M. Caron then argued that this decision was premature given his employer's duty to accommodate under Quebec's Charter of Human Rights and Freedoms (the "Charter"). The Commission determined that the duty to accommodate under the Charter did not apply to the Act. On appeal to the Commission des lésions professionelles (the "CLP") – the administrative body charged exclusively with appeals under the Act – the CLP concluded that the statutory benefits in the Act represent the full extent of the employer's duty to accommodate.
This result was – understandably in our view – overturned by the Quebec Superior Court; the Quebec Court of Appeal then also agreed, stating that the Act should be interpreted and applied in accordance with the provisions of the Charter, and the employer's duty to accommodate should be integrated in to the Act.
Although a complete review of duty-to-accommodate jurisprudence is beyond the scope of this space, it is interesting to note that many of the prominent "accommodation" cases over the years have arisen in the context of Quebec labour law – an historical fact that was noted by the Justice Abella in writing for the Supreme Court in Caron as set out below – and as such it seems a somewhat strange approach for the Commission to take:
The duty to reasonably accommodate disabled employees is a fundamental tenet of Canadian and, more particularly, Quebec labour law.

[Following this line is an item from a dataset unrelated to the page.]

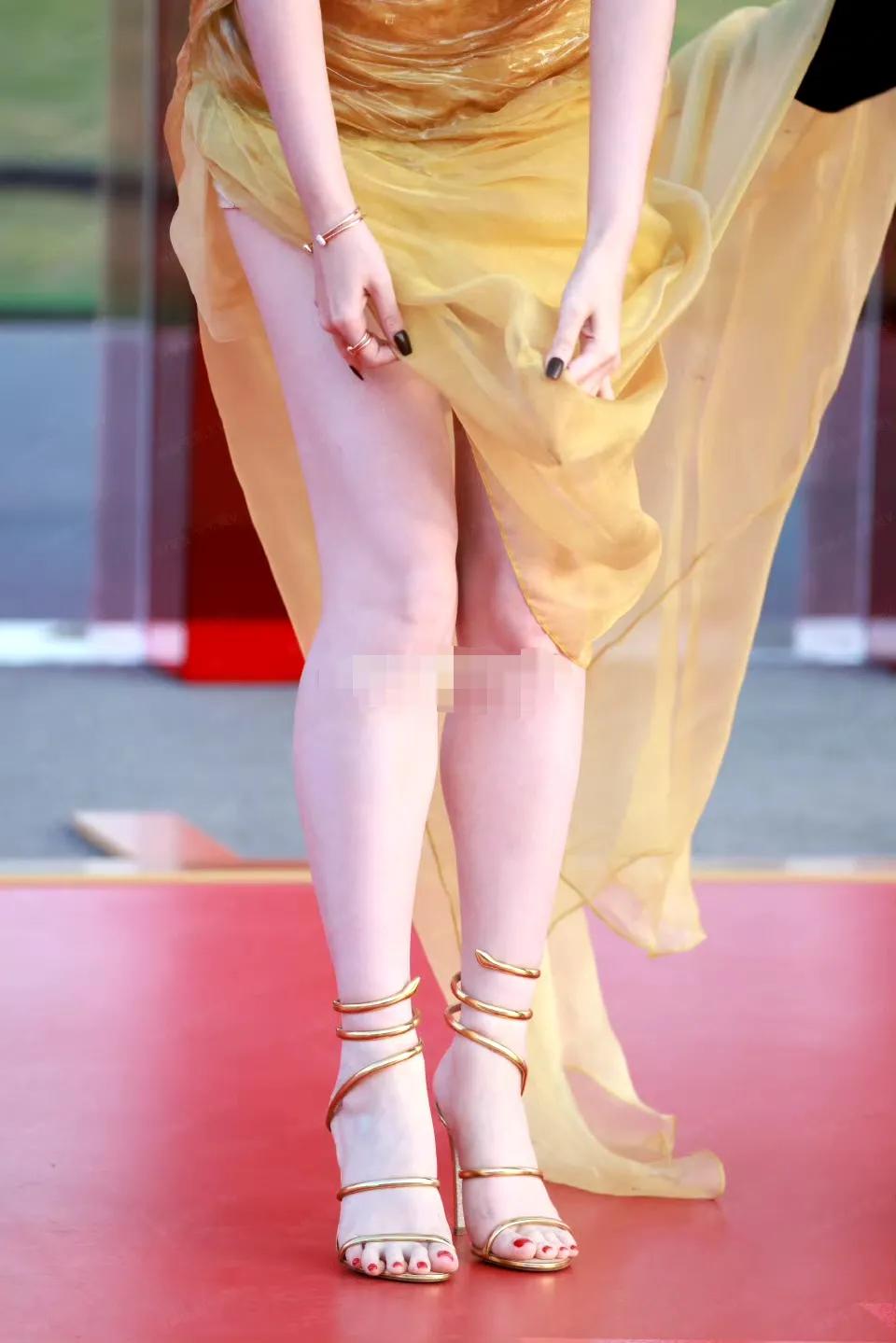 蒋梦婕的肤色就是传说中肤如凝脂吧,美中不足的是鞋子有点小! 金鸡奖红毯上,明星们可谓是八仙过海,各显神通,将自己打扮的光鲜亮丽,尽最大可能的向我们展示她们的魅力。毫无疑问,除了颁奖,明星们走红毯是大家另一个最大的看点。 本届金鸡奖依然星光璀璨,老中青演员们都有出席,比如87岁的老艺术家祝希娟,比如53岁实力派演员颜丙燕,又比如当红小花关晓彤和陈都灵等。 当天出席活动的男星女星们造型中规中矩,要么西装革履,要么知性优雅或者性感的晚礼服。但有一人的出现,让人眼前一亮,她就是蒋梦婕! 蒋梦婕一身金色透视丝裙惊艳亮相,头戴同样颜色纱巾的她带有些许异域风格。显然,蒋梦婕的出现立马成为摄像机捕捉的焦点。 蒋梦婕除了漂亮,造型耳目一新,让人称道的还是她那与众不同的皮肤,身材好的同时皮肤白里透红,温润如玉。或许这就是传说中的肤如凝脂吧。 不过稍微美中不足的是蒋梦婕的鞋子好像有点小,设计上亦是简约不简单的风格。有一说一,这双鞋穿起来难度还是很大的,或许只有蒋梦婕能够驾驭。如果鞋子稍微大一点,就完美了,可以给出满分。

The goal of the duty to accommodate in the employment context was summarized by Deschamps J. as being "to ensure that an employee who is able to work can do so. . . . The purpose of the duty to accommodate is to ensure that persons who are otherwise fit to work are not unfairly excluded where working conditions can be adjusted without undue hardship"
In any event, it was not difficult for the Supreme Court to affirm the Quebec Court of Appeal's decision in Caron and send the case back for a proper consideration by the Administrative Labour Tribunal (the CLP's institutional successor) as to whether or not M. Caron had been, or could be, properly accommodated by the employer.
In our view, this is the proper result, and illustrates why we always caution employers that, no matter the involvement and outcome of any other process – including workers' compensation or third-party insurance claims adjudication – the employer's duty to accommodate is a separate and distinct obligation that must be considered in every instance.